My brother and I volunteered to be on the “work crew” for the 6th grade retreat at our church this year. We set up inflatable games, delivered snacks and generally held back a couple hundred crazy 6th graders from the doors when it was lunch time.
It’s been along time since I’ve hung out with my brother by myself. We had a blast pal-ing around, cracking jokes and working together. Early in the trip, after we had been talking over each other (and probably steering the whole conversation), we told the people we were with, “By the way, we’re brother and sister.” The underlying message was, “That’s why we’re so weird with each other. We don’t talk like this with any random person!” A few of them commented on how close we were and how much fun we had together.
The depth of love and connection I have with my brother is one reason I want my kids to be close.

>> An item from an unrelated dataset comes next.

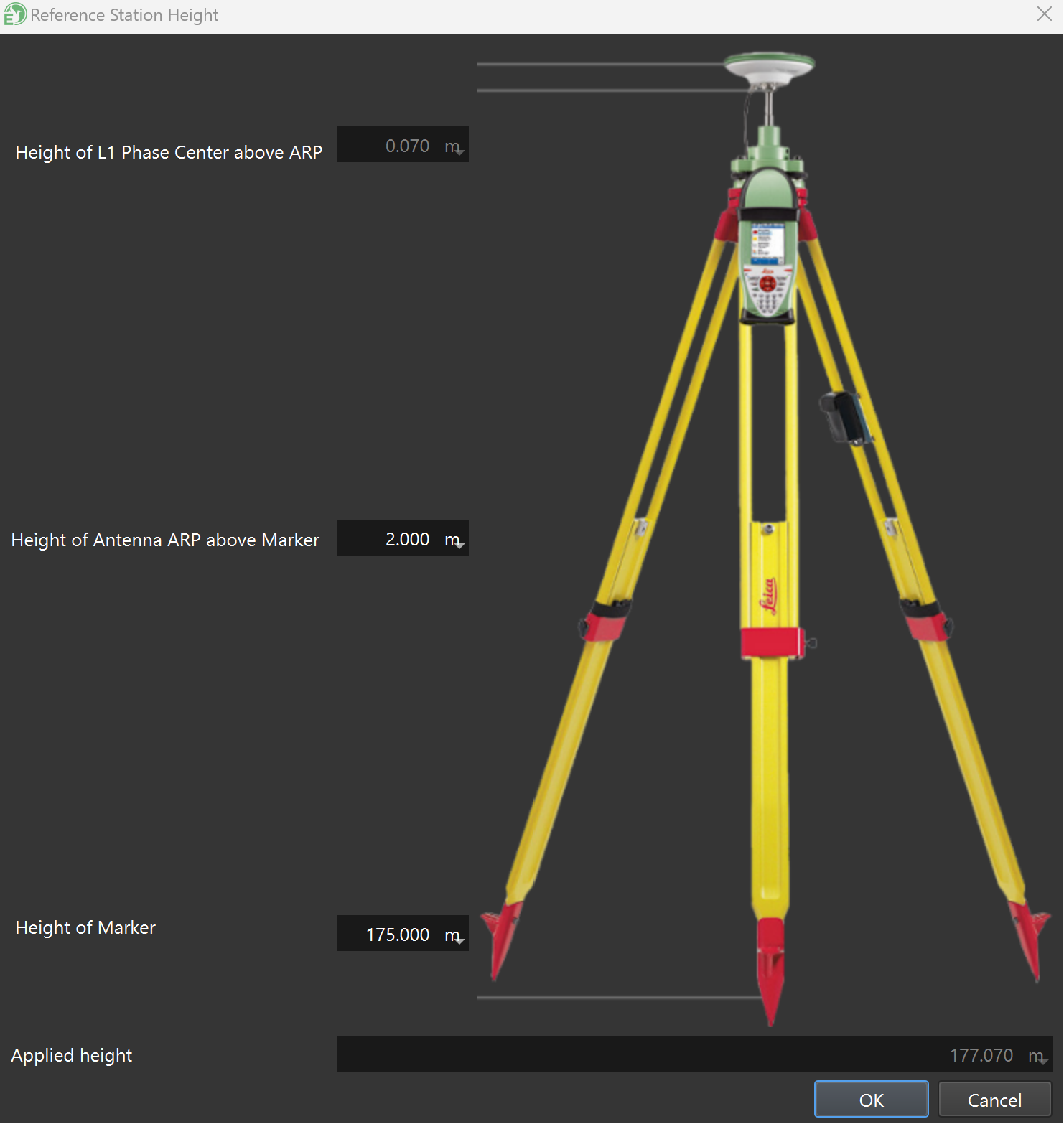Enter the elevation of the reference station in the **ARP Height** field. Enter the position under the **Height of Marker** field. If you know the **Height of Antenna ARP above Marker**, enter that accordingly. **Height of L1 Phase Center above ARP** will automatically populate based on the antenna type that you selected.&#x20;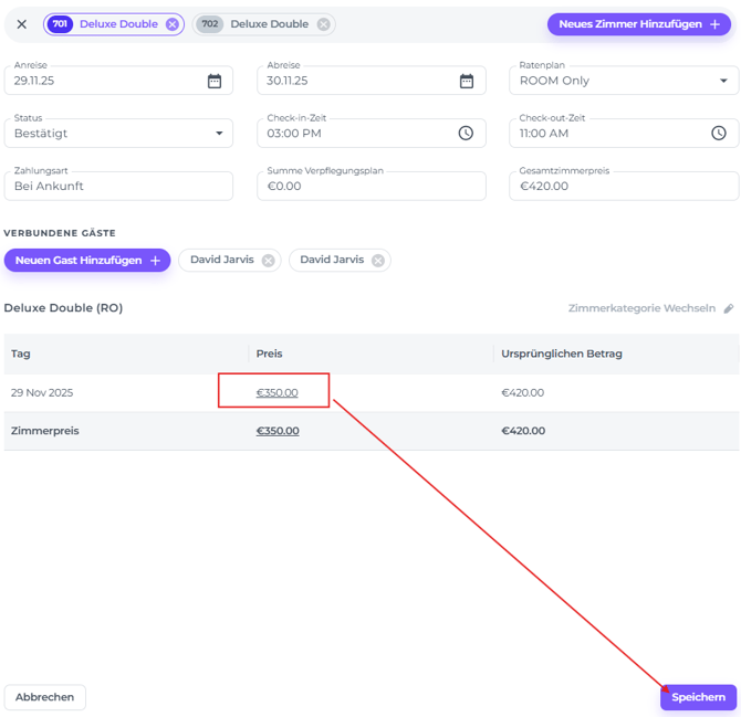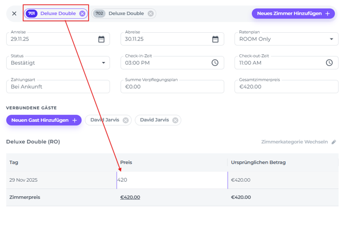 *Wenn es mehrere Zimmer in einer Buchung gibt, stelle sicher, dass du das korrekte Zimmer auswählst, für das du die Preise ändern musst:

I want them to have that built-in best friend for the rest of their lives.
My kids are only 11 and 8, so I’m not sure how it all works, but here’s what I’ve done to cultivate the friendship between my kids (and I think some of what my parents must have done when my brother and I were kids):
Brainwash them. My mom used to always tell me when I was aggravated with my brother, “He’s the only brother you’ll ever have.” She wanted me to see the value in him, not view him as a tag-along or pest.
I do the same kind of thing now when I tell my son, “Your sister is your best friend. You’ll have lots of other friends, but you’ll always have her as your best friend.” When they were little, I made them smother each other in hugs and kisses before bed, told them to say, “I love you!” or “You’re my best friend!” and now they do all that without prompting!
Keep them together. Kids are busy nowadays. They jump from school to sports to tutoring to church to scouts all in a day. Most of these environments separate kids by age and gender. So, most of the time, your kids are split up. They spend all day – even all weekend sometimes, separated from their siblings and potential best friend.
We do a hybrid-homeschool (2 days at school, 3 days at home) because I want my kids to be together more than not. I want them to learn to work together, play together and even fight together. You don’t have to homeschool to keep your kids together, but you might want to look at your schedule to see a spot to cultivate some sibling togetherness – weekly meals, family outings or movie nights can do the trick.
Demand friendship. I will not allow my kids to go the way of the TV sitcom. I don’t want my 11 year old daughter rolling her eyes at her annoying brother. I don’t want my 8 year old son to actively think of ways to sabotage his sister.
I’m not a perfectly consistent parent by any stretch of the imagination, but I don’t let fighting, aggravated voices and arguing continue for any amount of time. I’ll model the words they should have said, make them apologize or recite, Proverbs 15:1. Nine times out of ten it ends with giggles and wrestled hugs on the floor.
Having a close sibling relationship is a gift. I think it’s training for future relationships, specifically marriage (think about it – you share rooms, chores and belongings as siblings, it’s the same when you’re married)! I also believe it’s a tether to your immediate family. Strong sibling bonds, strengthen the bond of your entire family which, if you’re working on centering your family on the Jesus and His Word, can only strengthen the bond to Him!